This small group of materials mainly includes gallium and a few of its alloys. On exposure to air, the liquid spontaneously forms a thin oxide skin that mechanically stabilizes droplets and arbitrary patterns that researchers create. If the material is jostled, the skin breaks and the metal flows momentarily until the skin re-forms around the liquid.
A team led by Michael D. Dickey of North Carolina State University took advantage of this unusual property to make 10-μm-wide polymer-encased wires of eGaIn, a eutectic mixture of gallium and indium that’s a liquid at room temperature. Unlike ordinary wires, the ones made with eGaIn can easily be stretched, bent, and shaped while maintaining electrical conductivity (Extreme Mech. Lett. 2016, DOI: 10.1016/j.eml.2016.03.010).
In another example from this year, Stéphanie P. Lacour and coworkers at the Swiss Federal Institute of Technology, Lausanne (EPFL), devised a method for making a two-phase material consisting of solid AuGa2 clusters interspersed with microscopic liquid gallium droplets. They used the material to fabricate stretchable devices containing stacked layers of LEDs and sensors embedded in gloves that can track the subtle motions of fingers (Adv. Mater. 2016, DOI: 10.1002/adma.201506234).

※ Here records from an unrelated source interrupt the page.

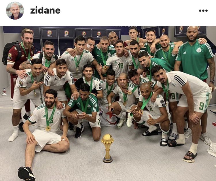 حرص مدرب فريق ريال مدريد، الفرنسي زين الدين زيدان، الجزائري الأصل على تهنئة منتخب الجزائر بالفوز بلقب دوري أبطال إفريقيا 2019، حيث حرص على نشر صورة المنتخب الجزائري على حاسبه الرسمي على موقع التواصل الإجتماعي إنستغرام، وقال رسالة مؤثرة تذكر خلالها شقيقه الأكبر الذي توفى منذ أيام قليلة.
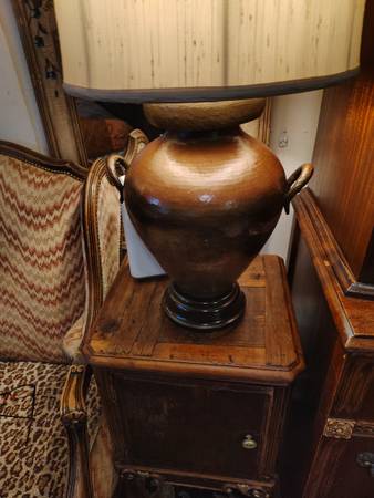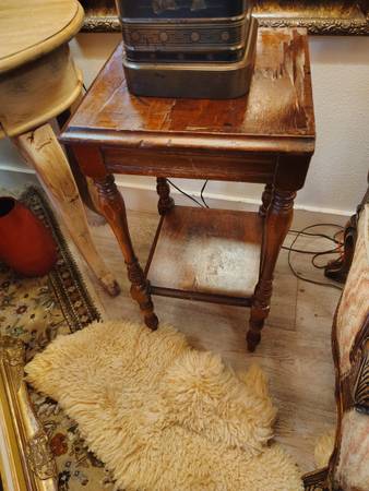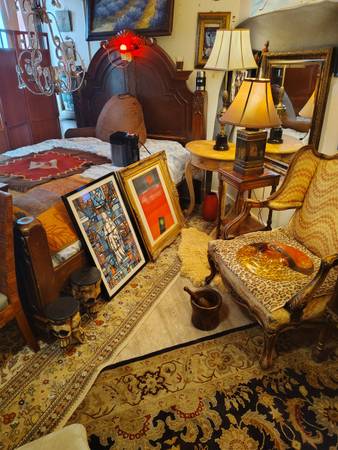 All items listed for garage sale friday & Saturday are in exceptional working order. Wooden rocking chair$45, vintage Victorian chair $45, Frederick Cooper Asian Chinoiserie tea kettle converted into lamp these lamps are selling for well over $100 each, only asking $60.wooden two level end table $20, wooden 4 leg table with drawer $50, Stiffel Hollywood Regency pineapple table lamp $90, hammered nickel and Cooper table lamp with silk shade,$50, 5 by 4 handmade navaho wool rug $70, decorative glass bowl$20, Nespresso vertio coffee espresso machine$25, vintage mortar & pestle$30, two day of the dead mini tables $40, framed engraved artwork by hishoro amana$40, abstract framed picture$20, LG Beveled Glass mirror$60, floral vintage mirror$45, sale friday & Saturday 1750 mcallister street cross street is baker text or call show contact info
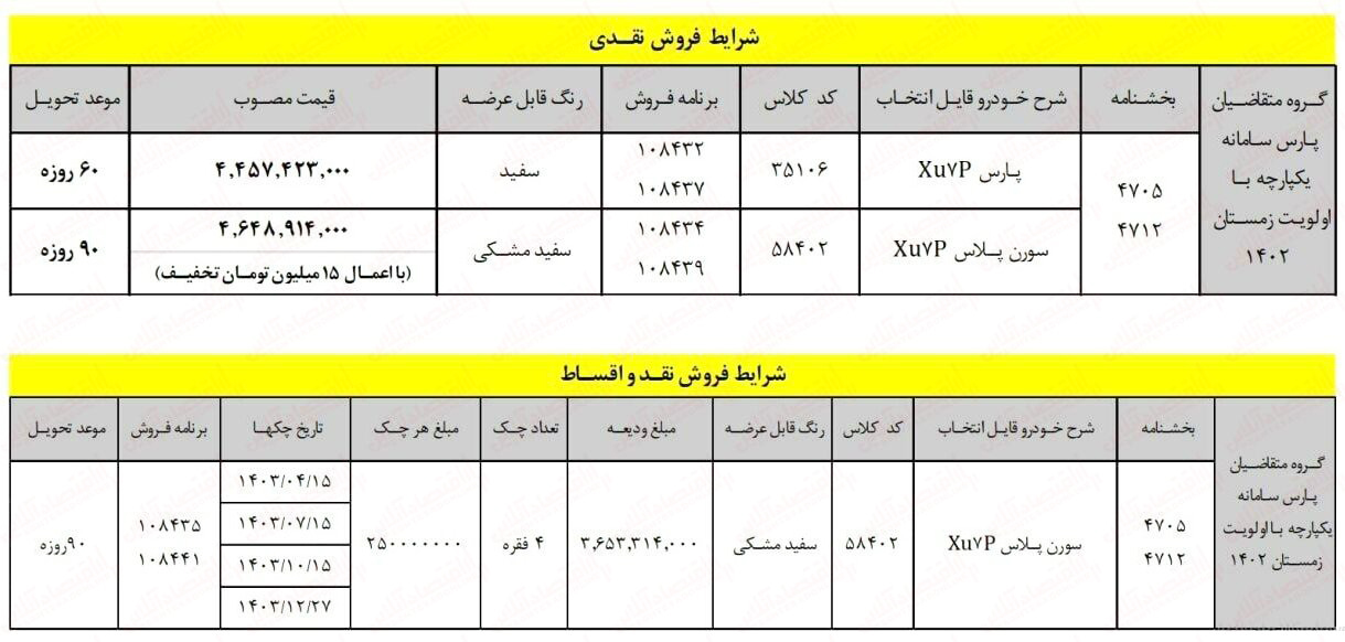 قیمت جدید کارخانه پژو پارس اعلام شد / افزایش ۱۵۱ میلیون تومانی! + جدول
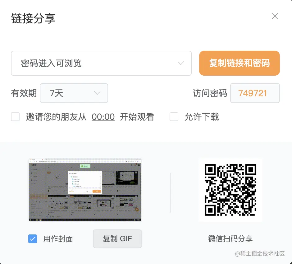 相对于传统录屏软件,我觉得无论是帧想还是loom,最大的价值在于能够直接分享。无论是复制链接,还是微信扫码,视频可以直接转给小伙伴,他们直接在微信、飞书消息里就看完了(难怪要说是视频消息),这就省去了上传云盘的时间啦,确实做到了老板说的“方便分享,能够复用” ~

Martin Thuo’s group at Iowa State University exploited the spontaneously forming oxide skin of bismuth-indium-tin and related alloys to keep microscopic liquid metal droplets from solidifying, even at temperatures below their melting points. The researchers showed that applying a gentle force to the droplets breaks the shells, causing the metal to briefly flow before the skin re-forms. They used that property to bond metal parts together at room temperature, in effect soldering without electricity or heat (Sci. Rep. 2016, DOI: 10.1038/srep21864).